== What is required ==
No pictures, please: print exactly the lines from the one that contains "Комплект вложки за" through the last line of the listing.

== Recorded information ==
____

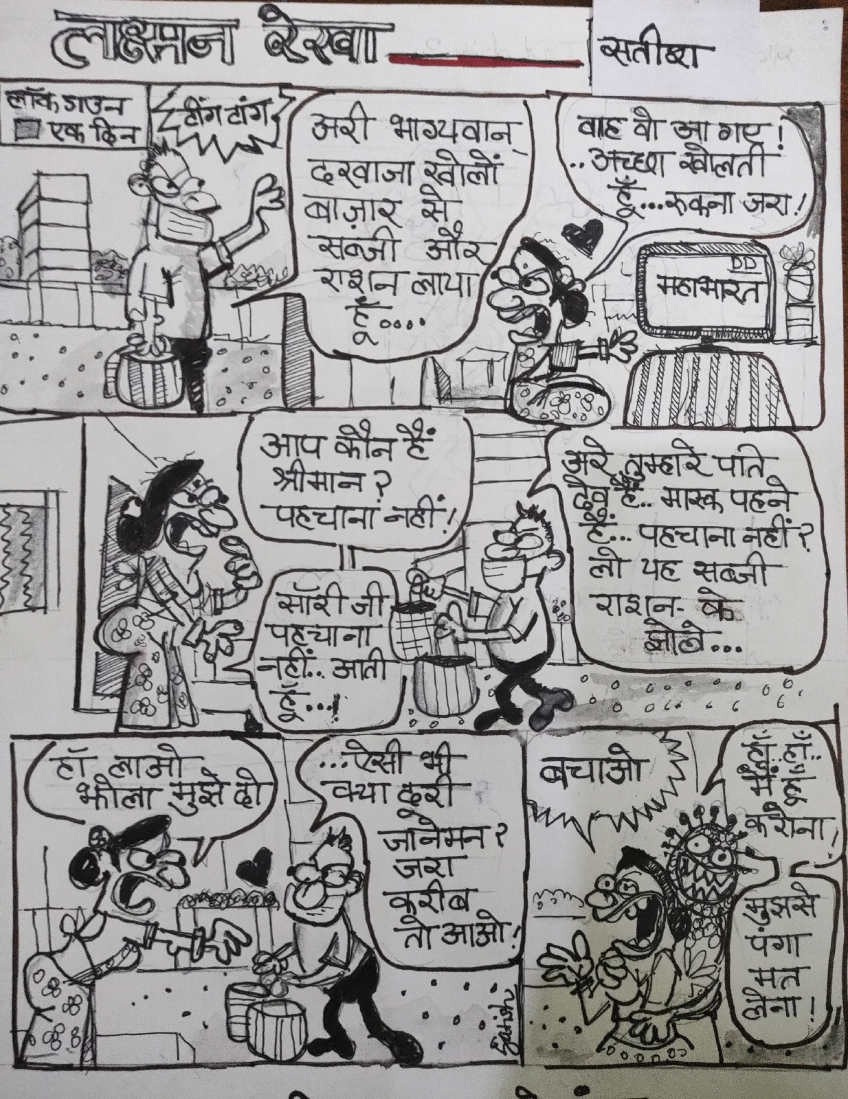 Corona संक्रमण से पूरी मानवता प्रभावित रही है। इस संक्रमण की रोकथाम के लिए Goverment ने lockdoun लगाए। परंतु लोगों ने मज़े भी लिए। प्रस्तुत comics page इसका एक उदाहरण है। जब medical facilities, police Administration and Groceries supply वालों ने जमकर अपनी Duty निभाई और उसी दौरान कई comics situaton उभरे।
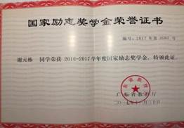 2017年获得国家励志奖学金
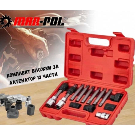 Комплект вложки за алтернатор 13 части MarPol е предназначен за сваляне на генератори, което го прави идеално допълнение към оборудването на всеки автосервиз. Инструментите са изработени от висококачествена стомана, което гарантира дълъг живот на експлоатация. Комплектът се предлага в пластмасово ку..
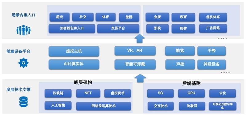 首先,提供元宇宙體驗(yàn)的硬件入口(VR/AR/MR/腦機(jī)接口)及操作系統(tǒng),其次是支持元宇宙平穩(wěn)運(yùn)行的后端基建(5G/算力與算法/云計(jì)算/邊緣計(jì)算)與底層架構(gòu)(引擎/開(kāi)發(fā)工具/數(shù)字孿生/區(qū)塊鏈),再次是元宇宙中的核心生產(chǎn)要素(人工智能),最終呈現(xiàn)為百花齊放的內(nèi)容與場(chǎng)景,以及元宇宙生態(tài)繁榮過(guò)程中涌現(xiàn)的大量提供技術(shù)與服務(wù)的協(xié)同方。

____

== Output below ==
 Комплект вложки за алтернатор 13 части MarPol е предназначен за сваляне на генератори, което го прави идеално допълнение към оборудването на всеки автосервиз. Инструментите са изработени от висококачествена стомана, което гарантира дълъг живот на експлоатация. Комплектът се предлага в пластмасово ку..
 首先,提供元宇宙體驗(yàn)的硬件入口(VR/AR/MR/腦機(jī)接口)及操作系統(tǒng),其次是支持元宇宙平穩(wěn)運(yùn)行的后端基建(5G/算力與算法/云計(jì)算/邊緣計(jì)算)與底層架構(gòu)(引擎/開(kāi)發(fā)工具/數(shù)字孿生/區(qū)塊鏈),再次是元宇宙中的核心生產(chǎn)要素(人工智能),最終呈現(xiàn)為百花齊放的內(nèi)容與場(chǎng)景,以及元宇宙生態(tài)繁榮過(guò)程中涌現(xiàn)的大量提供技術(shù)與服務(wù)的協(xié)同方。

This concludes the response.